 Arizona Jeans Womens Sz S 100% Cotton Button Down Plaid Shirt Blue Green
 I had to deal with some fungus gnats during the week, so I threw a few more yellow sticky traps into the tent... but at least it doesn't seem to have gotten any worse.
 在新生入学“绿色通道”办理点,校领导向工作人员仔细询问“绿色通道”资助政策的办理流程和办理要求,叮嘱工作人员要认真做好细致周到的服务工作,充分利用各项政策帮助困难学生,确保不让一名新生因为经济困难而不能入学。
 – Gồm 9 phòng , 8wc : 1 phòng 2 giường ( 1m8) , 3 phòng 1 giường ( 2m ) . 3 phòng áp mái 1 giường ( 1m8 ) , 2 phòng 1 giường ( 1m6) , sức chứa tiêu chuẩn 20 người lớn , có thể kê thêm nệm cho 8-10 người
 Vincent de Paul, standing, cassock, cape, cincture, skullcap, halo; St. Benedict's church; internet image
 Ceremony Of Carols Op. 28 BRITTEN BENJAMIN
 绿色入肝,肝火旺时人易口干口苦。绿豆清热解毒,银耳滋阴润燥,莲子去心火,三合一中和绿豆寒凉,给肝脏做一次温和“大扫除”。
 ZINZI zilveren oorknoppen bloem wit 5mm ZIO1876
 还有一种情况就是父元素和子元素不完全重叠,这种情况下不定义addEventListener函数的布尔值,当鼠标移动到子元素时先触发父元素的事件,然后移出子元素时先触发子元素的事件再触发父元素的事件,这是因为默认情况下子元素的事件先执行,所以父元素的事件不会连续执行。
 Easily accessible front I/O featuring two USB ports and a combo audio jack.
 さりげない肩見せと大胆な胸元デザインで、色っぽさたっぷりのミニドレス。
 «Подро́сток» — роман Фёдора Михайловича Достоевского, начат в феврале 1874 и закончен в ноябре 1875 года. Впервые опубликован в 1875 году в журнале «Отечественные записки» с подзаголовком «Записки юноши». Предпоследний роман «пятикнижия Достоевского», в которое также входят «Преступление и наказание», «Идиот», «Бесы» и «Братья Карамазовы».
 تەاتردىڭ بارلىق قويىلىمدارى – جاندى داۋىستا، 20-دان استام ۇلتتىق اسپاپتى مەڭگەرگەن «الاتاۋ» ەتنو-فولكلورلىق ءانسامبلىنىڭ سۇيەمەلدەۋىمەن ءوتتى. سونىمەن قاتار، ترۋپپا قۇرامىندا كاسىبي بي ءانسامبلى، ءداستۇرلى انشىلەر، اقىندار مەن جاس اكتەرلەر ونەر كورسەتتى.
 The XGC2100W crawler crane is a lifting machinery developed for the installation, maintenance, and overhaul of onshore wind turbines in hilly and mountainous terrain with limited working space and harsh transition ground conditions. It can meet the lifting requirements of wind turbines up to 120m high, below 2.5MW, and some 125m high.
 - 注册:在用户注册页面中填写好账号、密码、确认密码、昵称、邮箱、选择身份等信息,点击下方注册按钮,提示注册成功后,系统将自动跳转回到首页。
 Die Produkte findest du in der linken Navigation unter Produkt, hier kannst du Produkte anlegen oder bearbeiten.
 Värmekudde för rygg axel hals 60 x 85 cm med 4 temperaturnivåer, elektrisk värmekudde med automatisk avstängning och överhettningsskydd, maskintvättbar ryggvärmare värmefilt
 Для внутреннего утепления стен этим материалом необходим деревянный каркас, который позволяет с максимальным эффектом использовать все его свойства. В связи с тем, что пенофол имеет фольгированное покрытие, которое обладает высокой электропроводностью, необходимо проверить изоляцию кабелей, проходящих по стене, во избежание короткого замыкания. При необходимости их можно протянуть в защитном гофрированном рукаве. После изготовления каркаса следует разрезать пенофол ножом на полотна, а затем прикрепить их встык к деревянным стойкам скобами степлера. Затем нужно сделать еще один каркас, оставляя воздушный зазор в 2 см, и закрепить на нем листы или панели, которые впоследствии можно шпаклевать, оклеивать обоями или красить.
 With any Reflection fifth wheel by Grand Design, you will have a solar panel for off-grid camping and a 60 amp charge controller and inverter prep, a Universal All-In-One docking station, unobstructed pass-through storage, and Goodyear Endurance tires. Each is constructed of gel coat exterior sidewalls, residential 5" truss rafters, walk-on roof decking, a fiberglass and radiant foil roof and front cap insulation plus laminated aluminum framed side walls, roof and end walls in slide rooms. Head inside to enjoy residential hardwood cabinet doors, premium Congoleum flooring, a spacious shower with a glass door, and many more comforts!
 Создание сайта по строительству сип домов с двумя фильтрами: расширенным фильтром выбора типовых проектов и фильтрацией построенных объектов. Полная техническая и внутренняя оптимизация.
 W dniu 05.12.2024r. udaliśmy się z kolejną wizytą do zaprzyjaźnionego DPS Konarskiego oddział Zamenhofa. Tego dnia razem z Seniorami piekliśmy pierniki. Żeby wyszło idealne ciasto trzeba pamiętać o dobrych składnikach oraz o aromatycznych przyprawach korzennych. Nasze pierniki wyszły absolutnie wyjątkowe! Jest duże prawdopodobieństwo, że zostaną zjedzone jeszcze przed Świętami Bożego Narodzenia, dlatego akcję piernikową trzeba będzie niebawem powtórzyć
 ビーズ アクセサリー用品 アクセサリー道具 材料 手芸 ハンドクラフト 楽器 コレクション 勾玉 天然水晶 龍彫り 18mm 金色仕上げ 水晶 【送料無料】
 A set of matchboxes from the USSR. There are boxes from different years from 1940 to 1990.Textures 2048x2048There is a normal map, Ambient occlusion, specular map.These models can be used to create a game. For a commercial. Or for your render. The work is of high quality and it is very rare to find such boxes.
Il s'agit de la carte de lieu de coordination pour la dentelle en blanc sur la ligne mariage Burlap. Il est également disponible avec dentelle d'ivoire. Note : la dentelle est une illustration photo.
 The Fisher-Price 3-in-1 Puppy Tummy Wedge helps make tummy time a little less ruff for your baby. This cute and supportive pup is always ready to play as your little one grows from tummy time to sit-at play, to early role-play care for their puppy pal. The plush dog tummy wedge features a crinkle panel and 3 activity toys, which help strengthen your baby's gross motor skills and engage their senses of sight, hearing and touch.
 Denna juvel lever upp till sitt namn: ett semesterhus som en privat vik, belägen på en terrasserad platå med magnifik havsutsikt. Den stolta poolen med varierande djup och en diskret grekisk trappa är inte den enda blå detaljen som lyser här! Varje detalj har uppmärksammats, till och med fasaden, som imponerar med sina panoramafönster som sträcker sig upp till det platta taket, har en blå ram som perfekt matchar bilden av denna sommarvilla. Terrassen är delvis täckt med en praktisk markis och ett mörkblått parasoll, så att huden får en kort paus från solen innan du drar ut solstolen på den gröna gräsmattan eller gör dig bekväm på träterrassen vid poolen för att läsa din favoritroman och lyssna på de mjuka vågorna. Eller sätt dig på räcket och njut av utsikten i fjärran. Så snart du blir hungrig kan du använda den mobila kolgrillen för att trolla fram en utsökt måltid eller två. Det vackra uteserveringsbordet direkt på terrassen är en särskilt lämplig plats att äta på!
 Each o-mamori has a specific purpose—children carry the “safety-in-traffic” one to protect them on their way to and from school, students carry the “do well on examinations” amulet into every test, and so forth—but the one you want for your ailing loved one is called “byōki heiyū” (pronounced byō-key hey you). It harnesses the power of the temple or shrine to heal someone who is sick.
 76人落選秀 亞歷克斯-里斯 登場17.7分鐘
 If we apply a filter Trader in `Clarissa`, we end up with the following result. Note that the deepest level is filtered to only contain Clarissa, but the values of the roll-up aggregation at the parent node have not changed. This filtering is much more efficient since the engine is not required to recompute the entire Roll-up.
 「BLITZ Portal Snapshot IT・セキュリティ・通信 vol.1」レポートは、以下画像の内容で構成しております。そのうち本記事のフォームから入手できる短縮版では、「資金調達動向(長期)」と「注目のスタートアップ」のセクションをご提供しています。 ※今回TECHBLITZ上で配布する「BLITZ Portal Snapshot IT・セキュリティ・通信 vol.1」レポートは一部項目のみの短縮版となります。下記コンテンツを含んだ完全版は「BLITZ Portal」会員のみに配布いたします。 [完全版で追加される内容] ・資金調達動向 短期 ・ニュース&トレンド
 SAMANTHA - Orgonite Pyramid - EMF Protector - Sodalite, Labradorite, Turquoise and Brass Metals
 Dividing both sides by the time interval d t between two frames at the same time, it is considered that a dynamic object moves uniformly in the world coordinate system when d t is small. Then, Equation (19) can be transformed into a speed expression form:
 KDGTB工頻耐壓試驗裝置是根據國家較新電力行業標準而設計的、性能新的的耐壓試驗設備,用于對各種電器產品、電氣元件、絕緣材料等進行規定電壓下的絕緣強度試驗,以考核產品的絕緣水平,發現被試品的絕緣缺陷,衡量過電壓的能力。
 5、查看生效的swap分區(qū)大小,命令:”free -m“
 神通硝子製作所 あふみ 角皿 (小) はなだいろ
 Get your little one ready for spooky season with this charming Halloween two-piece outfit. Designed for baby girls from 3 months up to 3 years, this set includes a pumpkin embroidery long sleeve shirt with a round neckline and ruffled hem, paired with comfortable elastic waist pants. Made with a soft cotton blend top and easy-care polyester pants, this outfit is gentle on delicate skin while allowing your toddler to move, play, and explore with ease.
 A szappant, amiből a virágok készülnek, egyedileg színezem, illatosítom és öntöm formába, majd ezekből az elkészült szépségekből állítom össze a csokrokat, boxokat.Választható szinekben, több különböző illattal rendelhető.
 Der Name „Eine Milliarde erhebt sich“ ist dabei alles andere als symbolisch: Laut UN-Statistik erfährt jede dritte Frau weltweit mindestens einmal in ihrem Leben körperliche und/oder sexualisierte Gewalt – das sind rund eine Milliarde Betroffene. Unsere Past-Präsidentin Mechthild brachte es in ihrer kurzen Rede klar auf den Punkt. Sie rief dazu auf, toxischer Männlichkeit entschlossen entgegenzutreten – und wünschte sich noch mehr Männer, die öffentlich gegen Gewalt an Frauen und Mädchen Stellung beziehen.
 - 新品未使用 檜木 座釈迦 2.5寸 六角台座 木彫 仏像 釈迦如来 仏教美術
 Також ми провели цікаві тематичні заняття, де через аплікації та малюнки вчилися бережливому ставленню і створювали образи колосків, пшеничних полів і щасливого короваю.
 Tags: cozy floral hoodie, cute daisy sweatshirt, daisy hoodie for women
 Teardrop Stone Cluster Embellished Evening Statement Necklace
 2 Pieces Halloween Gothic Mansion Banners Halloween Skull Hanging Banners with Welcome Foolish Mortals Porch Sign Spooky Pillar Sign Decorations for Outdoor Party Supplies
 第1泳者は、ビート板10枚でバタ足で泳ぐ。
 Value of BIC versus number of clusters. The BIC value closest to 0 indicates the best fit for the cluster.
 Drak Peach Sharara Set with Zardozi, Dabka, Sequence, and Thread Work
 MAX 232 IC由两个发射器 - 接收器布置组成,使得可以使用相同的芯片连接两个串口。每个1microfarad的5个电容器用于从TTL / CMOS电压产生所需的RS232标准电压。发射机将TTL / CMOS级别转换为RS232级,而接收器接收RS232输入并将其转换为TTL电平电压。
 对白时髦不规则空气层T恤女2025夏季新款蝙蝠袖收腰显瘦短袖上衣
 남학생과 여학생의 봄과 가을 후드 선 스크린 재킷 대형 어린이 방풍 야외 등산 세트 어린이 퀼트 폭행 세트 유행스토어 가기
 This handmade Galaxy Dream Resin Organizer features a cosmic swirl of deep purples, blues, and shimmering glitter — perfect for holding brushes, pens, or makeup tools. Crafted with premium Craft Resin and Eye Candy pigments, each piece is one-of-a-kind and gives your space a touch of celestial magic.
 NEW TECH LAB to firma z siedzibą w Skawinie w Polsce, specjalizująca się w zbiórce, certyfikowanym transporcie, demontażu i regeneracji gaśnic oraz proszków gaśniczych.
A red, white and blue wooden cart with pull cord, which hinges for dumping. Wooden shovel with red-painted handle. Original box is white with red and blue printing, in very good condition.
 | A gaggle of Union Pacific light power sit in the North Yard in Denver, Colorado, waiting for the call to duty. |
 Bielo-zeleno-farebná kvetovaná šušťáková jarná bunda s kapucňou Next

————————

THE TASK - Nothing but the lines from the start of the data above through the line with "Die Produkte findest" should appear in your answer, copied exactly.

RESULT -
 Arizona Jeans Womens Sz S 100% Cotton Button Down Plaid Shirt Blue Green
 I had to deal with some fungus gnats during the week, so I threw a few more yellow sticky traps into the tent... but at least it doesn't seem to have gotten any worse.
 在新生入学“绿色通道”办理点,校领导向工作人员仔细询问“绿色通道”资助政策的办理流程和办理要求,叮嘱工作人员要认真做好细致周到的服务工作,充分利用各项政策帮助困难学生,确保不让一名新生因为经济困难而不能入学。
 – Gồm 9 phòng , 8wc : 1 phòng 2 giường ( 1m8) , 3 phòng 1 giường ( 2m ) . 3 phòng áp mái 1 giường ( 1m8 ) , 2 phòng 1 giường ( 1m6) , sức chứa tiêu chuẩn 20 người lớn , có thể kê thêm nệm cho 8-10 người
 Vincent de Paul, standing, cassock, cape, cincture, skullcap, halo; St. Benedict's church; internet image
 Ceremony Of Carols Op. 28 BRITTEN BENJAMIN
 绿色入肝,肝火旺时人易口干口苦。绿豆清热解毒,银耳滋阴润燥,莲子去心火,三合一中和绿豆寒凉,给肝脏做一次温和“大扫除”。
 ZINZI zilveren oorknoppen bloem wit 5mm ZIO1876
 还有一种情况就是父元素和子元素不完全重叠,这种情况下不定义addEventListener函数的布尔值,当鼠标移动到子元素时先触发父元素的事件,然后移出子元素时先触发子元素的事件再触发父元素的事件,这是因为默认情况下子元素的事件先执行,所以父元素的事件不会连续执行。
 Easily accessible front I/O featuring two USB ports and a combo audio jack.
 さりげない肩見せと大胆な胸元デザインで、色っぽさたっぷりのミニドレス。
 «Подро́сток» — роман Фёдора Михайловича Достоевского, начат в феврале 1874 и закончен в ноябре 1875 года. Впервые опубликован в 1875 году в журнале «Отечественные записки» с подзаголовком «Записки юноши». Предпоследний роман «пятикнижия Достоевского», в которое также входят «Преступление и наказание», «Идиот», «Бесы» и «Братья Карамазовы».
 تەاتردىڭ بارلىق قويىلىمدارى – جاندى داۋىستا، 20-دان استام ۇلتتىق اسپاپتى مەڭگەرگەن «الاتاۋ» ەتنو-فولكلورلىق ءانسامبلىنىڭ سۇيەمەلدەۋىمەن ءوتتى. سونىمەن قاتار، ترۋپپا قۇرامىندا كاسىبي بي ءانسامبلى، ءداستۇرلى انشىلەر، اقىندار مەن جاس اكتەرلەر ونەر كورسەتتى.
 The XGC2100W crawler crane is a lifting machinery developed for the installation, maintenance, and overhaul of onshore wind turbines in hilly and mountainous terrain with limited working space and harsh transition ground conditions. It can meet the lifting requirements of wind turbines up to 120m high, below 2.5MW, and some 125m high.
 - 注册:在用户注册页面中填写好账号、密码、确认密码、昵称、邮箱、选择身份等信息,点击下方注册按钮,提示注册成功后,系统将自动跳转回到首页。
 Die Produkte findest du in der linken Navigation unter Produkt, hier kannst du Produkte anlegen oder bearbeiten.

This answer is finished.